### Work instruction:
An exact copy of the lines from the top of the data through the line with "A further large" is what you should give, with no pictures in it.

### Dataset section:
>>>>

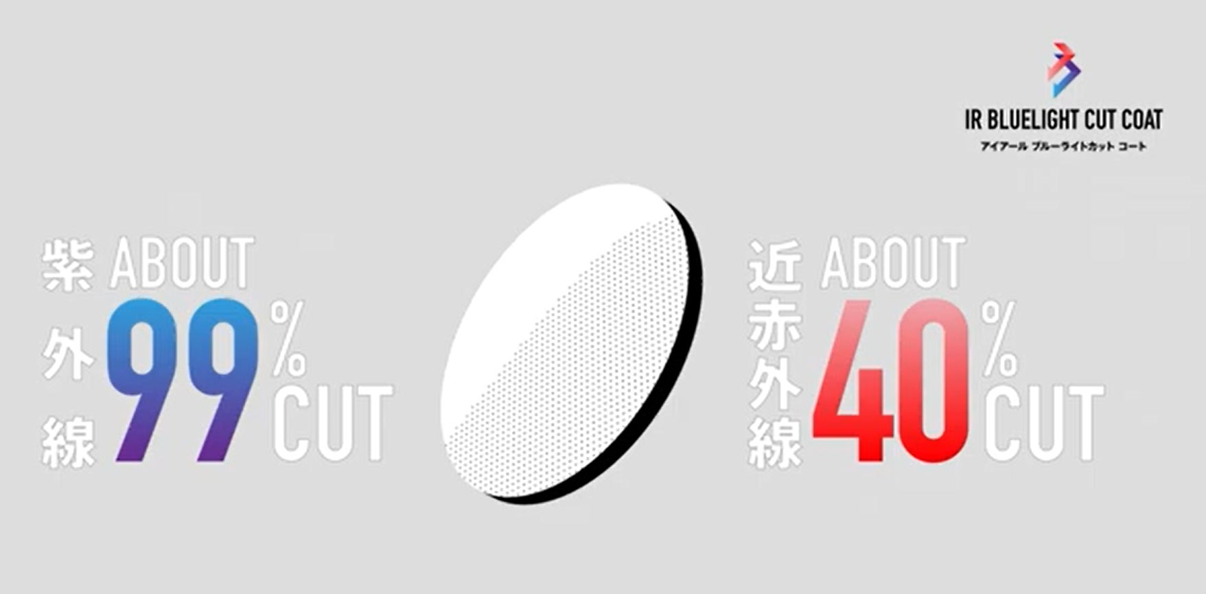 もちろん、まぶしさをやわらげる効果、UVカット、IRカット、ブルーライトカットは標準装備しています。
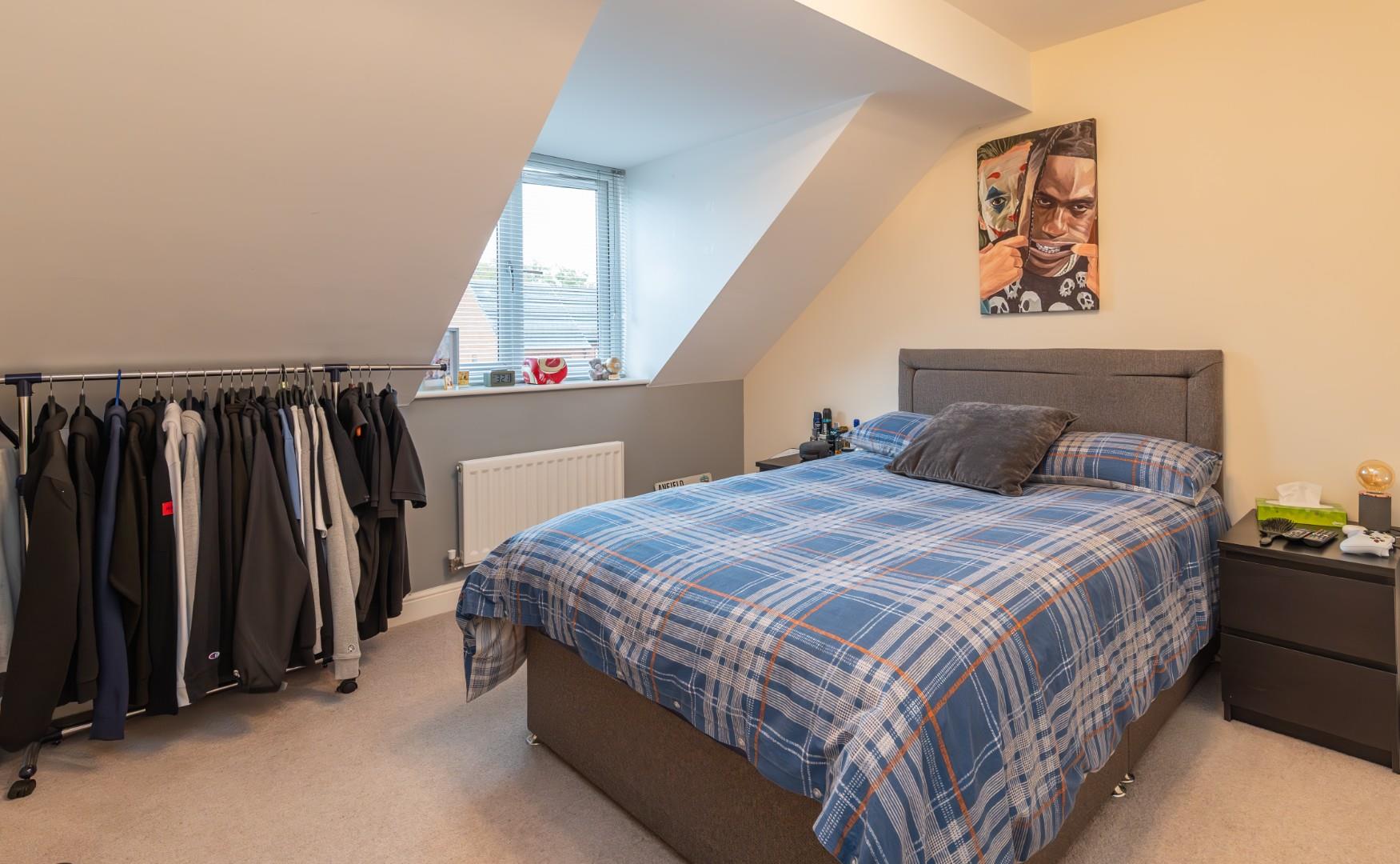 A further large double bedroom located to the rear of the property, dormer window with views to the front, velux style roof window and fitted wardrobes.
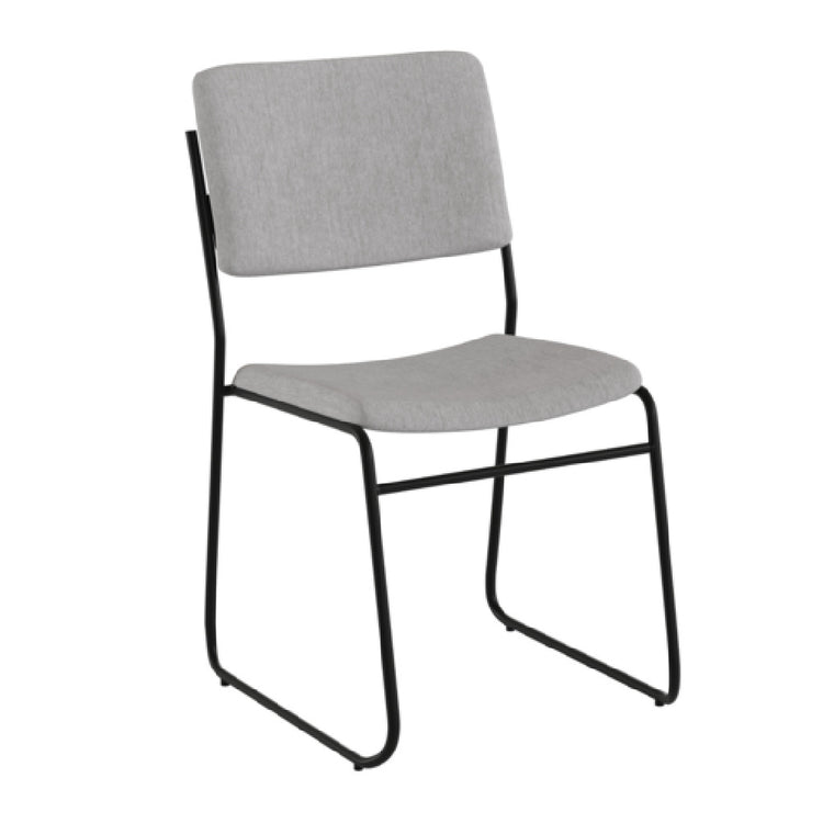 The Hercules Series stacking chair is constructed from 17 gauge steel with a weight of 16 lbs, supporting a maximum load of 1000 pounds. Its dimensions measure 18.75 inches in width, 23.75 inches in depth, and 32.5 inches in height. The fabric-upholstered seat includes CA117 fire-retardant foam, providing safety and comfort. The chair's black sled base frame is equipped with plastic floor glides to prevent floor damage. Designed for indoor use, the chair features a sturdy, high-density construction with a capacity suitable for high-volume seating in busy foodservice operations. It stacks up to 30 chairs high, offering efficient storage and quick deployment. The model is available for immediate shipment, with typical handling within 1 to 2 days.
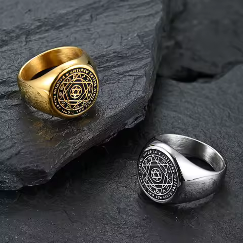 Pentagram of Solomon Rings for Men Patron Saint Ring Archangel Raphael Sigil Divine Healer Stainless Steel Male Jewelry

<<<<

### Reply:
 もちろん、まぶしさをやわらげる効果、UVカット、IRカット、ブルーライトカットは標準装備しています。
 A further large double bedroom located to the rear of the property, dormer window with views to the front, velux style roof window and fitted wardrobes.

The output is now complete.